Una ragazza cammina per la strada di notte con un vestito da sera, una ferita sopra il ginocchio, l'aria sconvolta e il viso di bambola stravolto da un'espressione angosciata. Potrebbe essere l'inizio di un film di David Lynch o di una promettente serie tv americana in stile True Detective. Invece è la scena d'apertura di un'opera prima, un thriller psicologico nel quale i Manetti Bros., da cultori del noir in ogni sua declinazione, hanno creduto fortemente e che hanno voluto produrre, confidando nell'appeal delle atmosfere, delle unità di tempo e di luogo e nell'alchimia fra le due protagoniste femminili.
Tutte le mie notti, al di là del mistero che pian piano cerca di svelare, è infatti, in particolare, il rapporto fra due femminilità lontane, una spavalda nonostante la fragilità, l'altra incerta, forse negata, messa da parte per un'urgenza di anteporre l'altro a sé. Veronica e Sara condividono un breve viaggio in macchina e qualche ora in una villa lussuosa ma triste, e diventano ora antagoniste e ora complici, ora un avvocato interessato a difendere un cliente e una ragazzina che potrebbe mandarlo in prigione, ora una madre e una figlia, una figlia che che getta la maschera da dark lady per essere solamente un'anima persa, una bambola rotta, una di quelle ragazze che, come la Matilde di Youtopia, non esitano a vendere il proprio corpo: per noia, per soldi facili, forse per colmare un vuoto o "riparare" a un abbandono. Rispetto al personaggio del film di Berardo Carboni, la giovane donna di Benedetta Porcaroli non ha però un sogno da coltivare né un'innocenza da preservare, e ha una minore complessità psicologica, e di certo non trae giovamento da una recitazione a volte concitata ed eccessivamente teatrale, a cui Barbora Bobulova fa da contraltare con sobrietà e controllo.

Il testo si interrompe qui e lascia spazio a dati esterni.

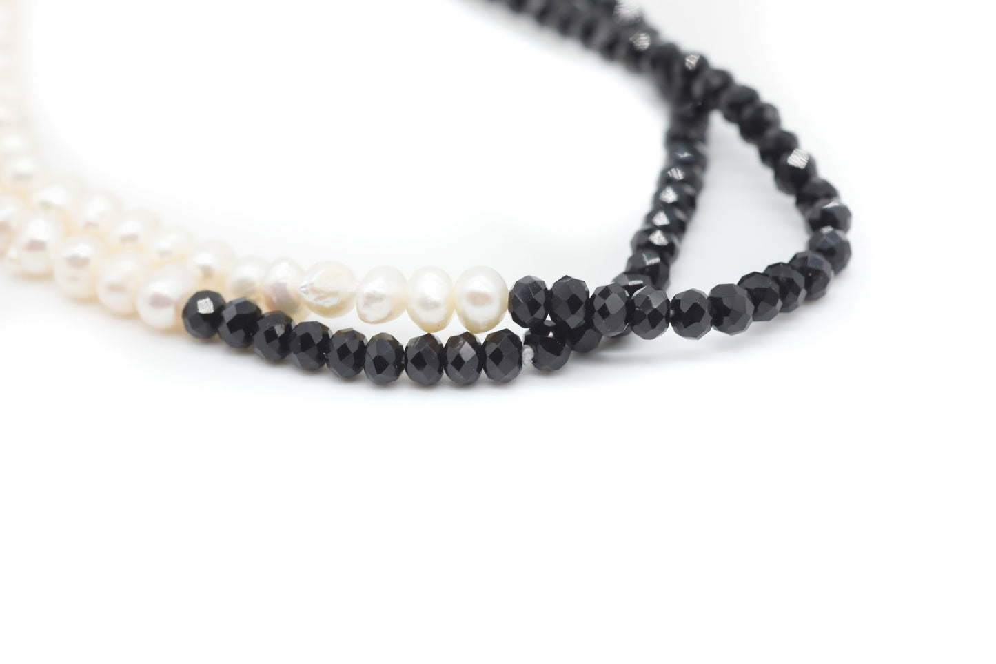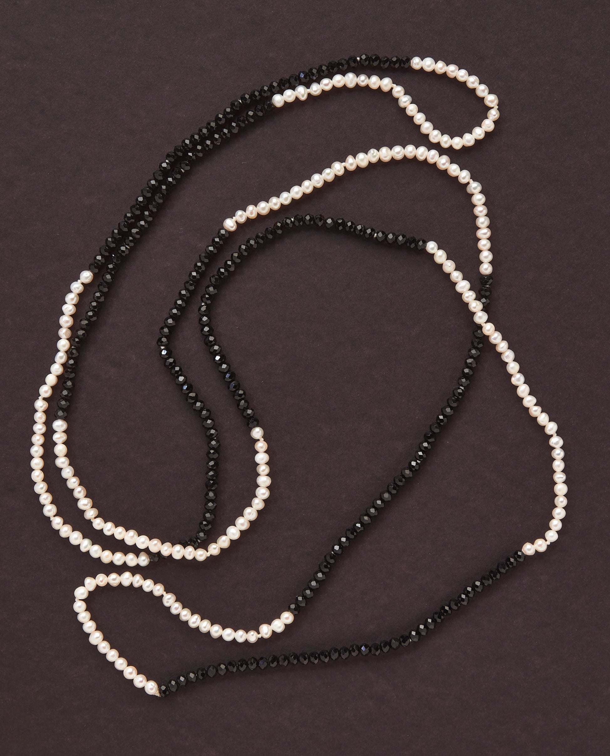 Indulge in sophistication with our versatile 58-inch necklace, adorned with beautiful black crystals and cultured freshwater micropearls.

Fotografa bene le sue muse di rara bellezza Manfredi Lucibello, ma nel filmarle si dimentica a tratti di avere fra le mani un thriller, genere che per definizione necessita di una concatenazione dei fatti chiara, a meno che dietro la macchina da presa non ci sia un autore visionario, un Lynch, appunto. Non che la tensione manchi in questo noir non privo di raffinatezze stilistiche, e l'inizio della vicenda è promettente, perché nulla è come sembra e Sara e Veronica seminano intriganti indizi sul destino di una ragazza che ha sniffato troppa cocaina. Ed è interessante - e giustamente desolante - il ritratto che il neoregista fa dell'umana solitudine, condizione squisitamente contemporanea che caratterizza sia i personaggi femminili che l'unico personaggio maschile della storia (Alessio Boni), meschino solamente un po’ e disperato e sprovveduto più che cattivo.
Anche lui rappresenta un mondo brutto e difficile nel quale per sopravvivere bisogna arrabattarsi, ma questo mondo, messo in ginocchio dalla crisi economica e popolato sia da uomini di potere che da animali braccati, Tutte le mie notti lo racconta troppo di fretta, preso com'è da Veronica e Sara. Così, quando alla fine, nella densa oscurità di un racconto d'autunno, intravediamo un raggio di luce, un po’ stanchi dei continui "non è come sembra" e di dialoghi quasi infiniti carichi di pathos, difficilmente riusciamo ad accomodarci nel soffice divano della speranza. E ancora meno siamo in grado di celebrare una seppur piccola catarsi.